Towards the end of ch 2 Peter Selby writes this paragraph:
"... The new day brings new perplexities in the form of issues about democracy, about the economy, about the vision of humanity, in short, that informs our common life. Among those who face the new day will be those who have a question and a perplexity about the identity of Christianity, and indeed of Christ himself, in our time. In Dietrich Bonhoeffer we have someone who was both close enough to his own culture to feel its perplexity in the face of its coming of age, and yet sure enough of the claim of the Christ among the excluded of his time to be a disciple.
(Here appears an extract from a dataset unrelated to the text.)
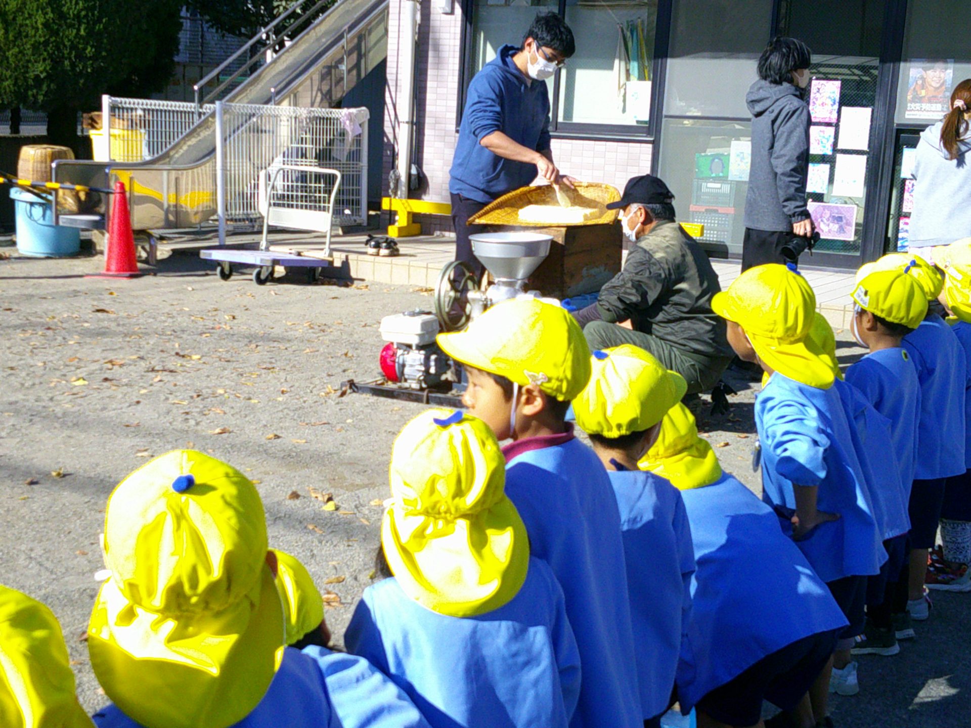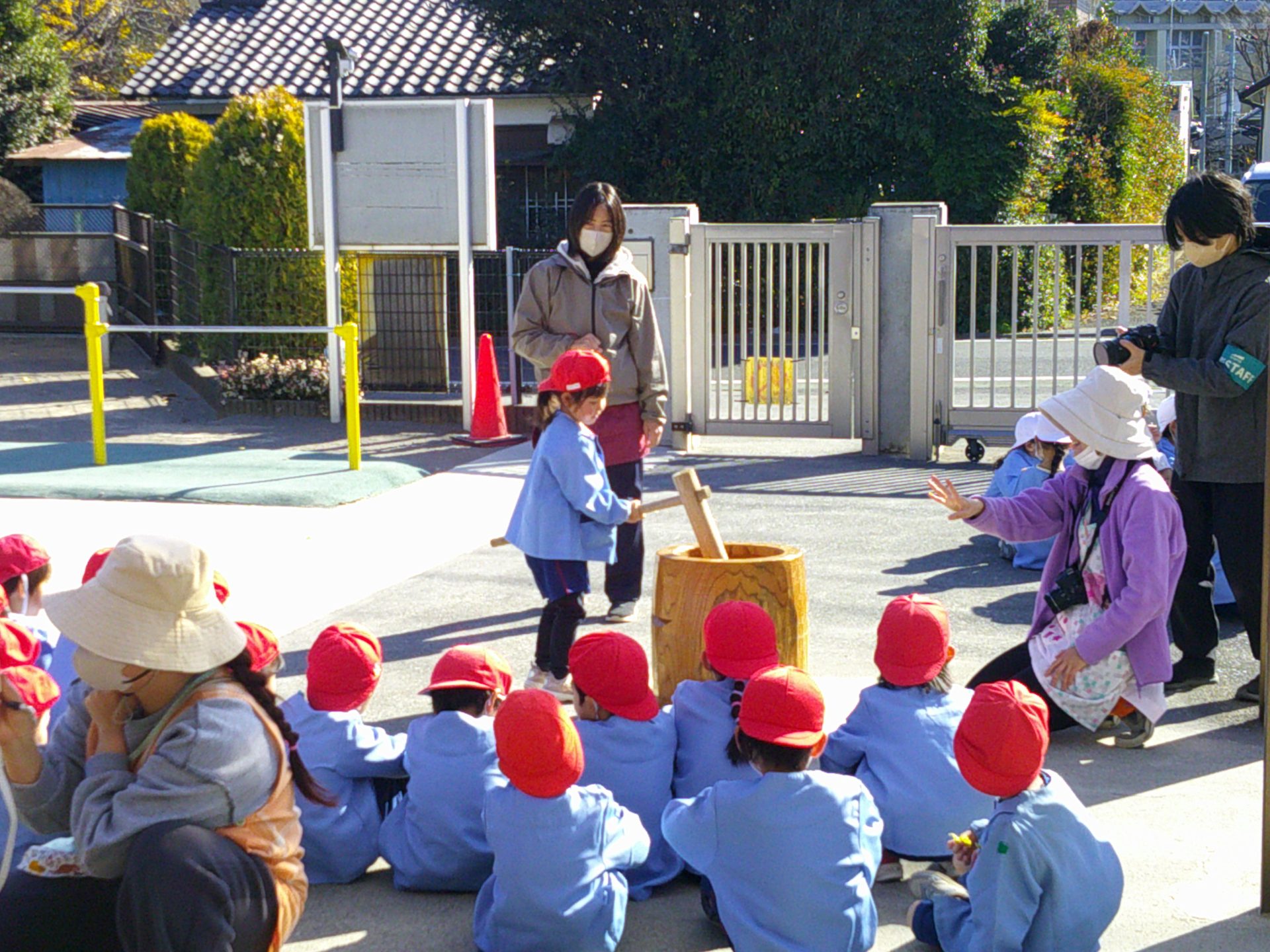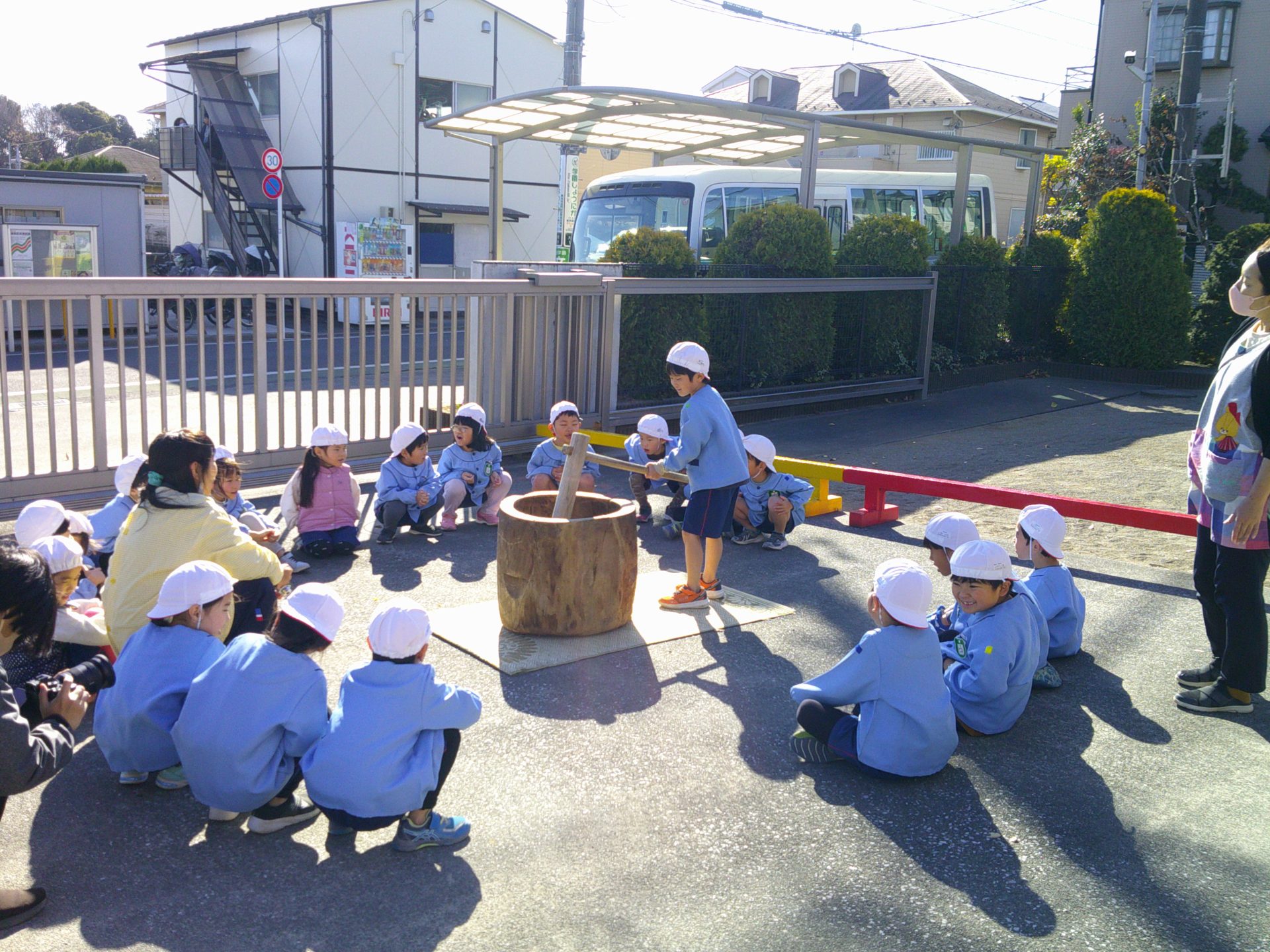 12月12日(金)、子どもたちは¨きね¨と¨うす¨を使って餅つきの体験をしました。餅米を蒸し、蒸しあがった米を機械づきにしているところを見学してから、餅つきを体験しました。

Sometimes tensions paralyse us, and in particular cause us not to see the possibilities of a new day. Sometimes, however, we need the determination to hear two voices clearly, the voice of the culture that has given us our questions and the voice of those who have no part in that culture. That, I am suggesting, is probably the only way we shall be able to speak of Christ authentically in our time."
The book goes on to discuss the subject of credit and debt - which of course rose hugely after the Big Bang (financial deregulation) in the Thatcher/Lawson era and the period leading up to this book, and has loomed even larger in recent years. For those of us who meet people in variously worrying degrees of debt through working at the CAB, it couldn't be more relevant. Selby then addresses the equally big topic of international indebtedness which constrains the lives of nations as well as individuals.

SCRUTON ON RELIGION

THE SACRED AND THE HUMAN

Roger Scruton is worth reading in this old article from 2008 on religion and conflict. Propect magazine have been digging up some of their best from over the years.  This is one of them.
He makes quite a lot of the French anthropologist Rene Girard - who came up once in a Wychwood Circle discussion - and clearly sees him as a big influence on current religious thought.  Girard also comes up a lot in the writings of the Catholic theologian James Alison. In this article Scruton is interested in Girard's argument that religion is not the cause of violence, but the solution to it. 
In passing Scruton refers to caricatures of religion by people like Christopher Hitchens and sets the scene for his discusssion of "the anthropology of religion" by pointing out that post-Enlightenment thinkers realised that "religion is not, in essence, a matter of doctrine, but of something else. And they set out to discover what that might be..." 

http://www.prospectmagazine.co.uk/magazine/roger-scruton-on-religion/

INTRODUCING WYCHWOOD CIRCLE

Welcome to Wychwood Circle

Wychwood Circle meets once a month at Wychwood Library in the village of Milton under Wychwood in West Oxfordshire. It is an open forum attended by people from many miles around, with a range of philosophical, theological and spiritual standpoints.  Our tag is that we discuss what we believe and what we believe in.  Initial discussions centred on the concept and practice of compassion, with or without a religious approach or motivation.  On September 30th, instead of basing our dicussion on chapters from a book, we will be playing host to Chris Sole who will present the theme "Compassion and Mindfulness: a Buddhist's view" as a starting point.

Meetings are from 19:00 to 21:00, usually (with the exception above) on the second Sunday of the month.